И тотчас принесли одежды для Царевны-Змиевны, дары свадебные, аксамита, расшитого жемчугом низовым невиданно, а простой сарафан сняли, а однорядку100 роскошную надели, да душегрейку златотканую, соболем отороченную, и ножки её убрали в сапожки ладные, атласа белого, бисером и битью101 вышитые… И оголовье ей надели на шелковые кудри, всё золотом да жемчугом плетёное, с паволоком тонким, подвенечным, белым, как снег, и всё бы хорошо, да оглядела себя и нахмурилась девица. Никак, отрезала, без серёг не обойтись. Неладное без них убранство получается, и чует она себя, точно голая, и опять нищая, а ей ведь за все отречения-мучения было злато горой обещано. Иоанн только покачал головой, и Змей, спохватившись, спешно на государя оглянулся.
– Да и где ж мы сейчас-то такой дар найдём, душенька! У Беспуты, разве, одолжить?
– Да ты что! Смеёшься надо мною, идолище?! Крестьянкой в бытность я б такое, может, по праздникам надевала, а теперь – всё равно, что аргамака дерюгой укрывать. Добудь серьги сообразные, а не то вертаюсь я к отцу-матушке, и баста! – и Федька стал подбирать подол, вознамерясь тут же наряд через голову скинуть, видно, и на свой сарафан глядя.
– А поройся-ка в добычном, Иван Петрович. Там, кажись, много чего из Астрахани взяли, не всё покамест раздарили, – и государь отправил спальников, помочь ему, в свои одёжные палаты.
– Нельзя так с бабами, Петрович!
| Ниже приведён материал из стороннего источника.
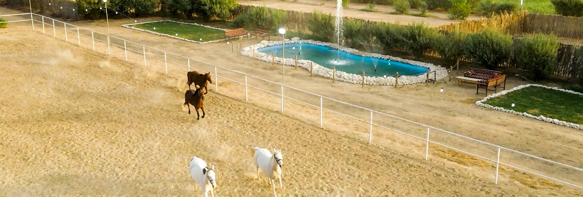 Enjoy the world of equestrianism, with the variety of options we offer. Whether you are looking to reserve horses for riding at the track, or for a tour around the farm in the meadows of Aljeyad Farm, or participating in professional training courses, or watching equestrian shows at the horse track, in addition to a kids’ track for your children and another for young people, and a special equestrian center for women, our facilities provide a comprehensive and unique experience. Get ready for an unforgettable journey of fun and skill-building in the heart of Aljeyad Farm, with a spacious horse track adding a chance of excitement to your horseback adventure.

Что же ты, в поле – воевода, а тут, ишь, девку испугался, – Вяземский хлопнул себя по колену, сокрушаясь. – Кнута не одолжить ли тебе?
И приволок Охлябинин из малой казны государевой ларец, из трофейного ряда, наскоро отворённый и выбранный по изрядному числу в нём украшений бабьих. Похож на тот, из коего Федька себе наградные перстни набирал. И вот теперь снова, под взглядом Иоанна, особенным, медленно чернотой закипающим, выудил оттуда серьги золотые, под горсть попавшие, звенящие многими подвесками из капель жемчужных и лазорево-хрустальных, цены великой и красоты царственной, и на Иоанна из-под ресниц глянул, за дозволением… Только вот в одно ушко серьга вошла, взамен прежнего кольца золотого, Охлябининым в карман пазушный кафтана сунутого для сохранности. Проструилась до плеча, в волосах тяжёлых путаясь. А… другое-то не проколото!
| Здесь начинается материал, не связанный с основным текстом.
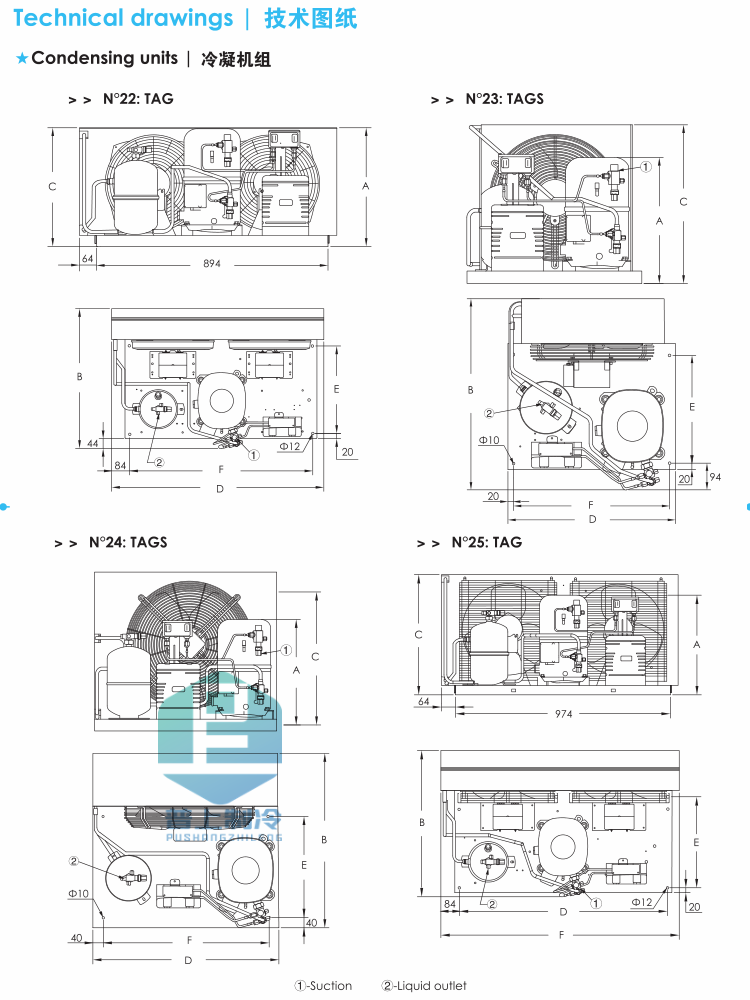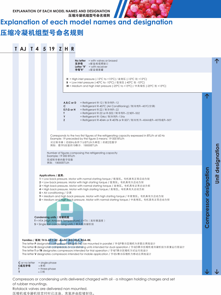 TFH2480ZBR机组包含:储液器 油分离器 气液分离器 干燥过滤器 视液镜 冷媒电磁阀 高低压压力表

– Тотчас сделай так, чтоб я у тебя тут не пугалом, а невестою оказалась, или – хоть сожри – за тебя не пойду! – нешутейно раздосадованная девица, сдвинув брови соболиные, нависла над присевшим растерянно Змеем, а тот только руками развёл.
– Да что ж такое!.. Федорушка, лапушка, дай, приладим как-нито к височку, к кокошнику…
– Ээ-э, так ты, никак, на попятную идти хочешь?! Сам заманил, сам соблазнил, весь мир прежний позабыть заставил, горя не знать наобещал, а теперь – насмехаться?! Как же я – с одной серьгою, точно с одной ногою, буду с тобой жениться-веселиться!
– Федька, ты чего удумал? – смехом спрашивал Вяземский.
– Бери, чего дают, не ломайся! – вторил Зайцев.
А Иоанн с явственным удовольствием рассматривал прекрасный гнев Красоты Неописанной, совсем настоящий.
– Коли, по-честному, ты меня восхотел, так и я по правде буду! – Федька обернулся к спальникам: – Что стоите? Тащите шило!
Видя, что он не шутит нисколько, Охлябинин глянул на Иоанна. Тот только кивнул, складывая на груди широкой руки.
Федька держался, пока бегали, пока калили остриё в печи докрасна, остужали, отирали вином и к нему подходили, чтоб смехом важности своей не испортить.
– Изволь, душенька, приляг на … э-э… семь шей моих, чтоб овладел я тобою вполне! – Охлябинин подал знак спальникам и рындам, и они подставили руки, ставши на колени в рядок, и бывшая крестьянка, а ныне – суженная Змея, возлегла, пала на их могучие руки в богатом своём убранстве. И очи прикрыла, ладонь левую на грудь возложив, ладонь правую до полу уронив, взамен косы, которой не было, а Охлябинин, ещё раз на государя поглядев, кратенько выдохнул "С Богом!", наклонившись к Федькиному уху с шилом и тряпицей.
Крови было немного совсем.
Взмахнув напоказ платочком, слегка запятнанным алым, Охлябинин сунул его за пазуху. Под общий выдох-рокот-говор и непристойный смех, и Вяземскому пришлось снова всех обнести.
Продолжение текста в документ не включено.